You cleared your throat
This fish is alive
You said.
The older fishmonger turned his head and raised a quizzical eyebrow.
You slapped the paper wrapped fish down on the counter and unrolled it where it lolled, quite dead.
The Hassid raised his eyebrow again and stared at you for a moment. He turned back to the carp.
It was alive.
You said
I wouldn’t make this up, what do you think I am, crazy
As you said it, you remembered that you might well be just that.
The younger fishmonger made a shoo-ing motion at you, like you were a stray cat in the midst of all this fish and muttered something in Yiddish to his brother, possibly a comment on your mental health.
You slunk out, leaving the fish behind you. As the shop door pinged your exit you finally realised the language that the fish had been speaking in.
When you got home you looked up the two phrases that the fish had repeated the most effusively. You posted them on an online translation forum under the guise that you had overheard someone shouting Hebrew on the underground and had been wondering what they had meant. Tzarich Shmira meant vigilance is needed. Ha-sof ba meant the end is coming. Someone posted jokingly that you must have encountered a prophet.1
End Notes
Go to footnote reference 1.Certain Hasidic sects believe that righteous people can be reincarnated as fish. In January 2003, the final, apocalypse-announcing words of a large carp were witnessed by two fish cutters in New York City’s New Square Fish Market. Hasid Zalman Rosen and his colleague Luis Nivelo were about to turn said carp into gefilte fish.

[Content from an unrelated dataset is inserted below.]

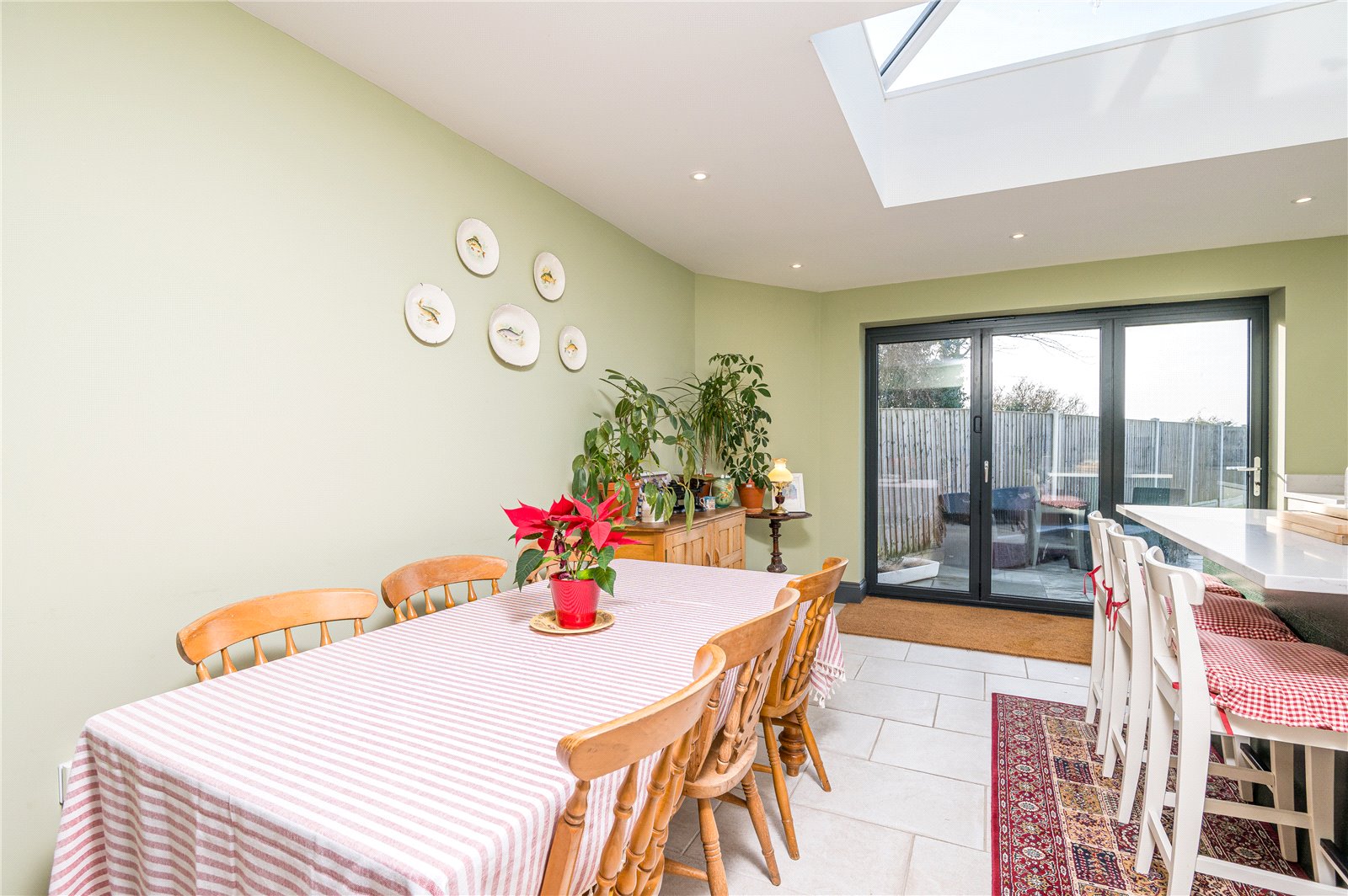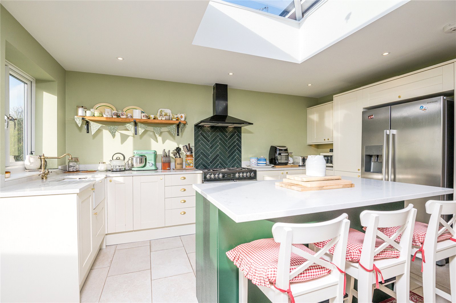 A professionally planned and fitted 'in-frame' Shaker style kitchen with brass fittings, centre Breakfast Island, spectacular lanterned skylight window and bespoke quartz surfaces with inset Butler style sink. The kitchen is fitted with a comprehensive range of base, full height and eye level cabinets with space and supply for range style cooker with herringbone tiled splashback and black, double width extractor canopy above. Space and supply for American style fridge/freezer and integrated dishwasher. Flagstone effect porcelain tiled floor. Three-panel powder coated aluminum bi-folding doors lead onto the rear sun terrace and double glazed window overlooking the landscaped rear garden.

The carp proclaimed itself to the two men as the troubled soul of a recently departed community elder, and quickly became the talk of the local Skver Hasidic community, the wider Hasidic community, and the international press. See Corey Kilgannon, 'Fish Talks Town Buzzes'
Niamh Riordan is an artist and writer who lives and works in Liverpool. She completed an MA in Sculpture at the Slade School of Fine Art in 2013. She is currently interested in incorporating six years of experience working as a cheesemonger into a sculpture practice that centres around material experimentation, and is researching the potential of domestically made bio-plastics as a use for food surpluses whilst attempting to develop a range of milk plastic cutlery.